Haaratus (Obsession)
Directed by Andrew Bond
- Series: EUROPE IN SHORTS
When we remember events from our past, we reconstruct, reshape and reorganize them in order to give them meaning. Also, we forget about 90% of it all. Then when we tell the story of our life, we leave out even more, all the boring bits, and we construct an interesting narrative in the hope of pleasing and engaging our listeners.
When that listener is someone of the opposite sex we really like and would like to entertain and impress, we skip even more of the stuff and concentrate on a few events, memorable moments, single sentences. Even worse: if in this relationship fantasy and romance were to be rewarded much more than sincerity and truthfulness (as in most cases, it well should be), some surreal exaggerations and moments of absurd fiction would find their way into our narrative. We would lie. And we would shorten some more, until it usually wouldn't take us longer than, say, a quarter of an hour to tell our life's story.
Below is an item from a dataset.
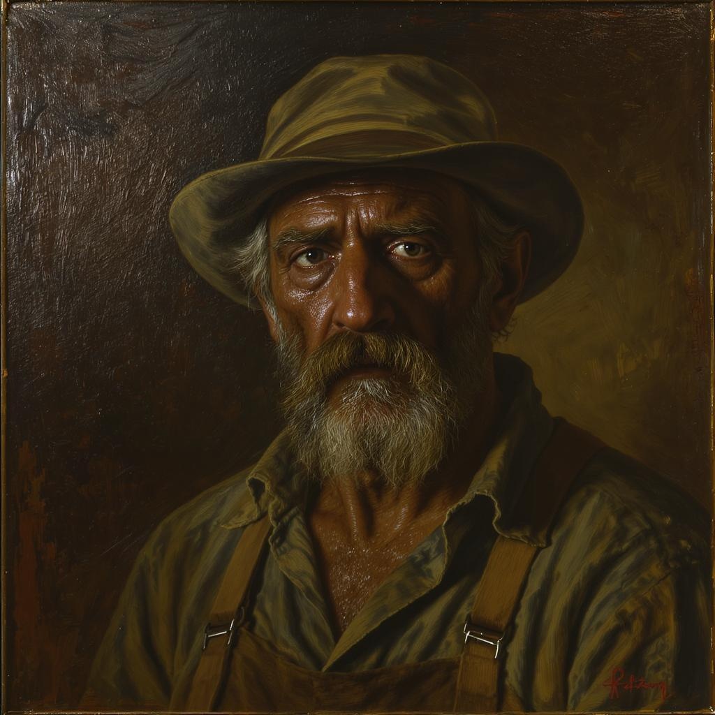 Professional portrait of a 19th-century laborer, a weary male with a fatigued expression, embodying the spirit of the era with the distinctive style of the late 1800s. The painting features vigorous brushstrokes and a rich, textured surface created with impasto techniques. Highly detailed and intricate, it captures dramatic, cinematic lighting with meticulous attention to the weathered, highly textured skin of the subject. Created in the style of an oil painting, it resonates with the dramatic flair of artists such as Vittorio Matteo Corcos, Albert Lynch, and Tom Roberts. Presented in exquisite detail, reminiscent of 8k resolution, and envisioning a modern aesthetic as if trending on platforms like ArtStation, this portrayal feels deeply cinematic and richly narrative, placing the viewer in the 19th-century scene with a subtle yet vivid ambiance.

It takes writer/director Andrew Bond and writer Alvar Koue the same time with their short film OBSESSION to ask the question: What would this kind of narration look like as a movie?

We know nothing about the two main characters, sitting at this picturesque bus station at the ocean, telling each other their life stories, presumably not for the first time. We will learn practically nothing about them, except this: They love to tell stories. They value imagination and fantasy. And they are wildly, unabashedly and unashamedly in love with each other. You might speculate how their lives are not dramatic enough so that they have to re-invent increasingly kitschy and absurd origin stories for their love; you could speculate how they are just bored waiting for the bus to come and dream up nonsensical alternative lives. But that would be besides the point: Fantasy for them seems not only very real, but affects their happiness in real life. Fantasy doesn't have to be self-deception and escapism – it can also be pure joy of life.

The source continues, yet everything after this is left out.